Your goal: Output only the lines below from the one holding "8月16日,游客在貴州省安順" down to the one holding "Rügenwalder Teewurst, Pommersche", both end lines included and every picture dropped.

━━ Provided information ━━

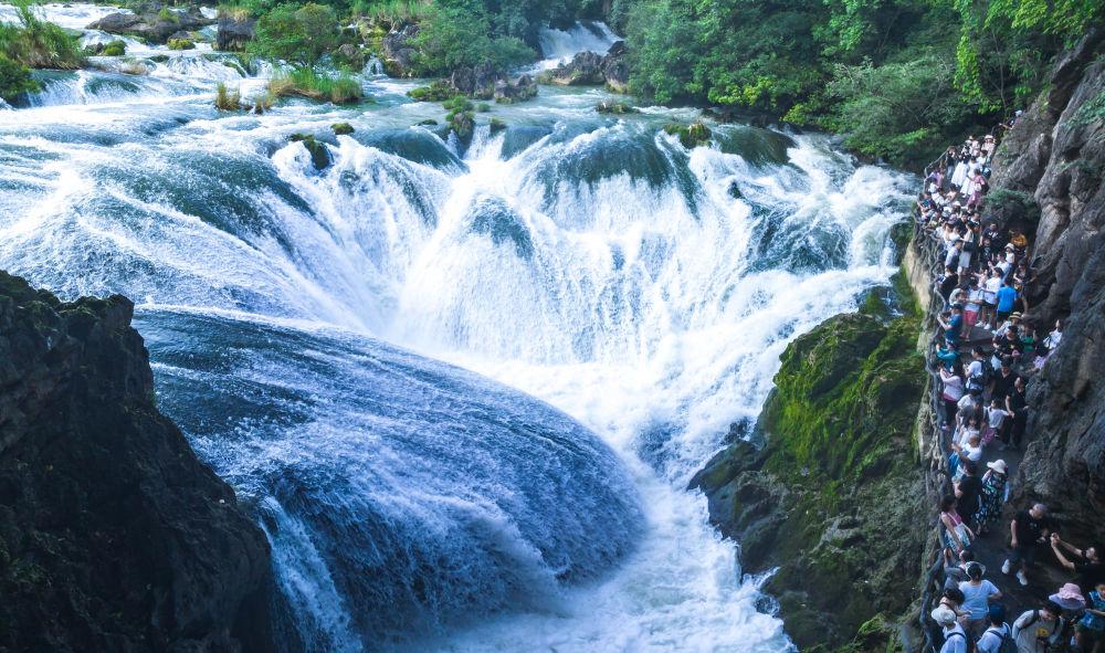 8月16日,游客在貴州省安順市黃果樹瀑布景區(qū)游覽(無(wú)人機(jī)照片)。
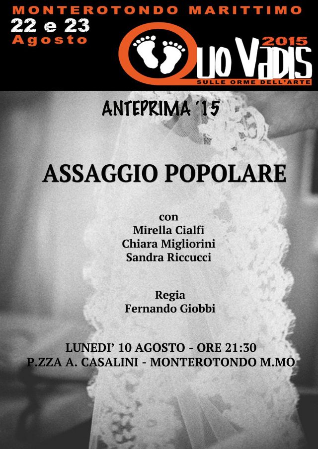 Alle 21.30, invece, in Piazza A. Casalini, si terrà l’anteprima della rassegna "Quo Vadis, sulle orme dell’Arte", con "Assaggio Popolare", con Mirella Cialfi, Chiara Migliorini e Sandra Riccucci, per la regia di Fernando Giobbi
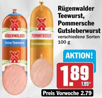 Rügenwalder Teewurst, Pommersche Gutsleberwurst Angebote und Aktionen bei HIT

━━━
━━ Provided information ━━

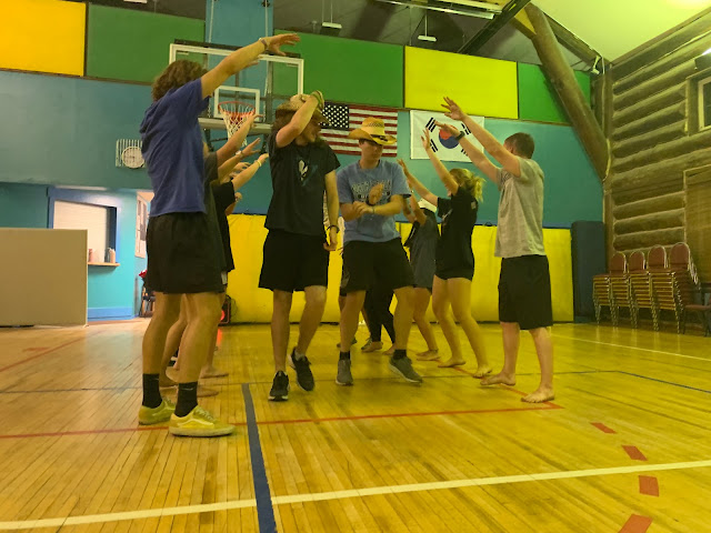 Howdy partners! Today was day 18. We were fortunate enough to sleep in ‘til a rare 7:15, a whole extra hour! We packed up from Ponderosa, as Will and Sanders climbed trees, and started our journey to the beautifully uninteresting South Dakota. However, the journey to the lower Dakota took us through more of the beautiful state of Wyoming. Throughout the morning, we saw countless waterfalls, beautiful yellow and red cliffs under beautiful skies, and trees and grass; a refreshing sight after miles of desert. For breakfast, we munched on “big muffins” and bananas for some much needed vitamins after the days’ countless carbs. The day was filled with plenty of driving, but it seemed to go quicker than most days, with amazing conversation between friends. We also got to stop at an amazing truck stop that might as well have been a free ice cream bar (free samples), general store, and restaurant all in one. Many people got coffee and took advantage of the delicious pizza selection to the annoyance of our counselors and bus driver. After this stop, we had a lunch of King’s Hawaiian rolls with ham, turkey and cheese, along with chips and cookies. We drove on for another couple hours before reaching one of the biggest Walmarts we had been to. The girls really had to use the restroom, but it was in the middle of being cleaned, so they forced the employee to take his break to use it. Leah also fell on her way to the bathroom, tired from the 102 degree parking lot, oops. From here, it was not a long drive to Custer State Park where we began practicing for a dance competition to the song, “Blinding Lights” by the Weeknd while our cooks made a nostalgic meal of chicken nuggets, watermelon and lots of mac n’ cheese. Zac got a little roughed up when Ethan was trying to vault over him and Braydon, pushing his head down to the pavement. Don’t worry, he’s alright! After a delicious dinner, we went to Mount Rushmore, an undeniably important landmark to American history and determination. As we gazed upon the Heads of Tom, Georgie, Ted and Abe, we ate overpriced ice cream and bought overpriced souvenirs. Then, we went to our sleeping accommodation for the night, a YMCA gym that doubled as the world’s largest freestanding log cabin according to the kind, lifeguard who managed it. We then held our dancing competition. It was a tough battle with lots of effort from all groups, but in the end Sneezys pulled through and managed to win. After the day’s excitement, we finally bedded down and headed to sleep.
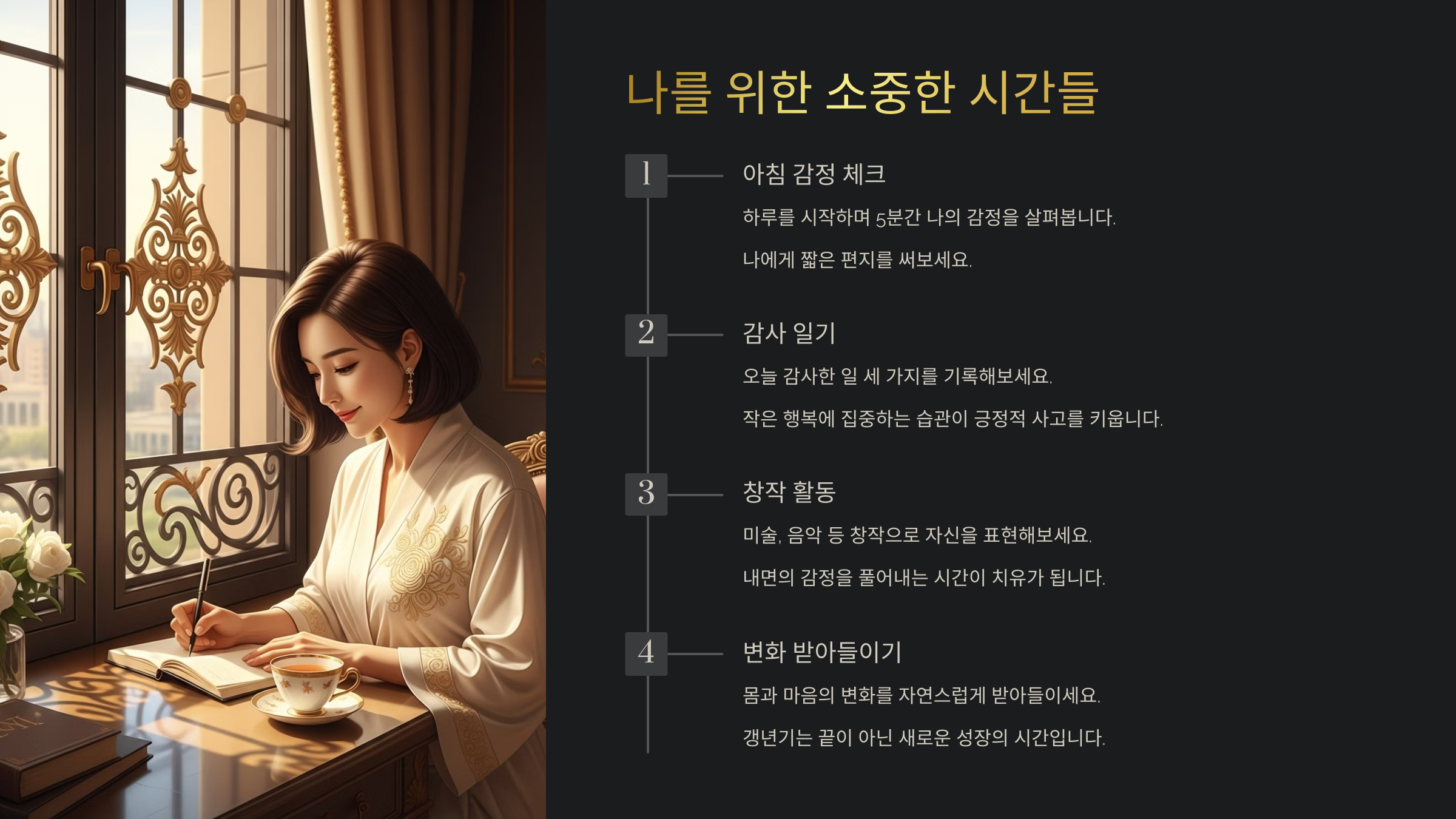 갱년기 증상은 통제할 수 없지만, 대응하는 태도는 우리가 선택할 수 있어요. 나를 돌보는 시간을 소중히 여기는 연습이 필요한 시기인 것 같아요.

━━━

Response to this task:
 8月16日,游客在貴州省安順市黃果樹瀑布景區(qū)游覽(無(wú)人機(jī)照片)。
 Alle 21.30, invece, in Piazza A. Casalini, si terrà l’anteprima della rassegna "Quo Vadis, sulle orme dell’Arte", con "Assaggio Popolare", con Mirella Cialfi, Chiara Migliorini e Sandra Riccucci, per la regia di Fernando Giobbi
 Rügenwalder Teewurst, Pommersche Gutsleberwurst Angebote und Aktionen bei HIT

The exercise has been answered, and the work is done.